Electrocardiogram showing the “sawtooth” or “picket fence” pattern of atrial flutter, with 3:1 and 2:1 atrioventricular conduction in the D2 lead.


The patient remained stable, with progressive improvement of respiratory distress, and was extubated after four days, being discharged from the neonatal ICU at eight days old, asymptomatic.

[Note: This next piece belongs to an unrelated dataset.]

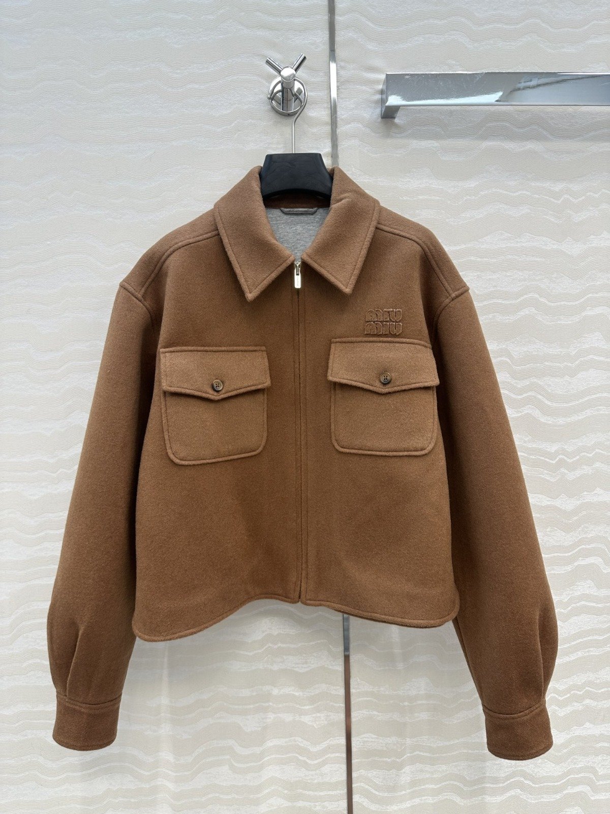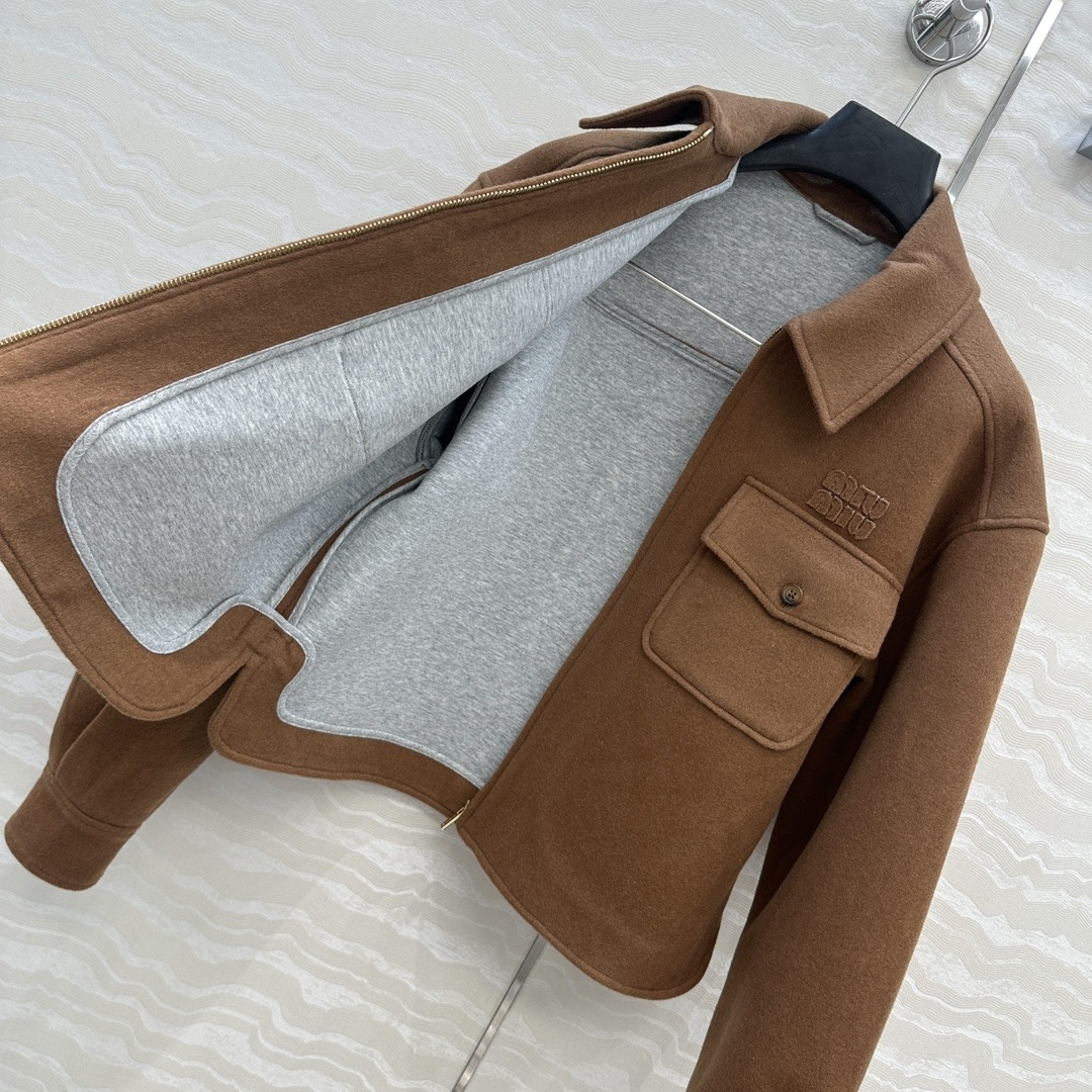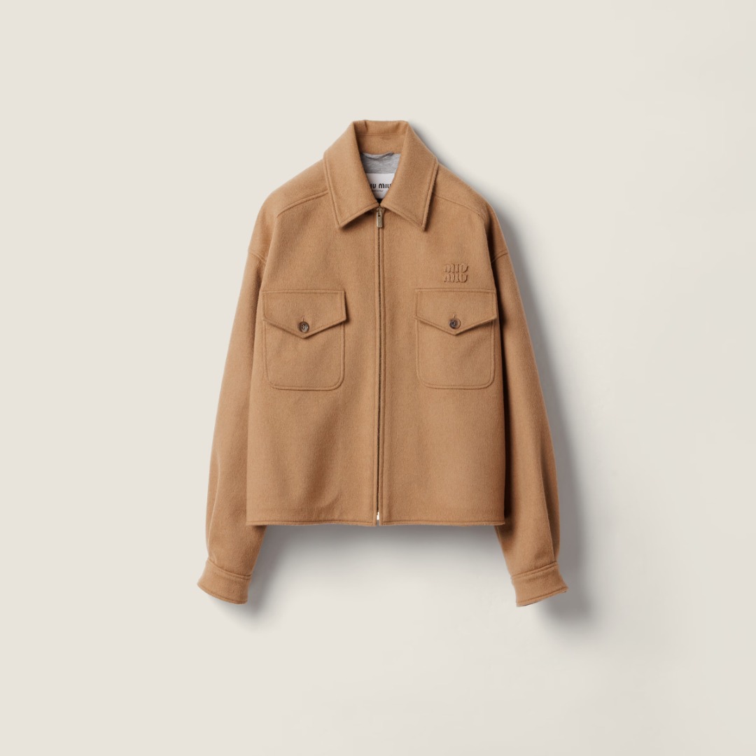 Miu Miu Bonded camel hair blouson jacket 貼布繡翻領拉鏈外套

Atrial flutter is the most commonly reported tachyarrhythmia in the fetal period, being rare in its isolated form in the neonatal period.12 Its etiology is uncertain, but there is an association with structural heart diseases, which should be promptly ruled out by echocardiography. The presence of structural alterations is correlated with worse prognosis.2

The diagnosis is often simple, with the electrocardiogram showing the typical “sawtooth” or “picket fence” pattern, better observed in leads II, III and aVF. The clinical presentation of atrial flutter depends on the ventricular response to atrial tachyarrhythmia. In newborns, the atrial rate is 400 beats per minute (bpm), with an atrioventricular conduction ratio of 2:1, resulting in a ventricular rate of approximately 200bpm.12 The patient described had a ventricular rate of around 190–230bpm and atrial rate of 380–460bpm.

Complications related to the umbilical venous catheterization are reported regarding its inadequate positioning.4–8 There are methods to determine the correct insertion length of umbilical venous catheters.13,14 One approach uses equations based on the newborn's weight, as described by Shukla et al.13 Dunn's method, the most commonly used one, is based on the measurement of the shoulder-navel distance. This method is hindered by numerous important limitations, including interpersonal variations.14 It is not known whether the estimated insertion length based on these methods is accurate.15 Once the patient is catheterized, the location is routinely verified by a chest X-ray. In chest X-rays in the anteroposterior view, the ideal position for the catheter tip is located between the T8 and T9 thoracic vertebrae. In this position, 90% of the catheters will have their distal end placed between the right atrium and the inferior vena cava.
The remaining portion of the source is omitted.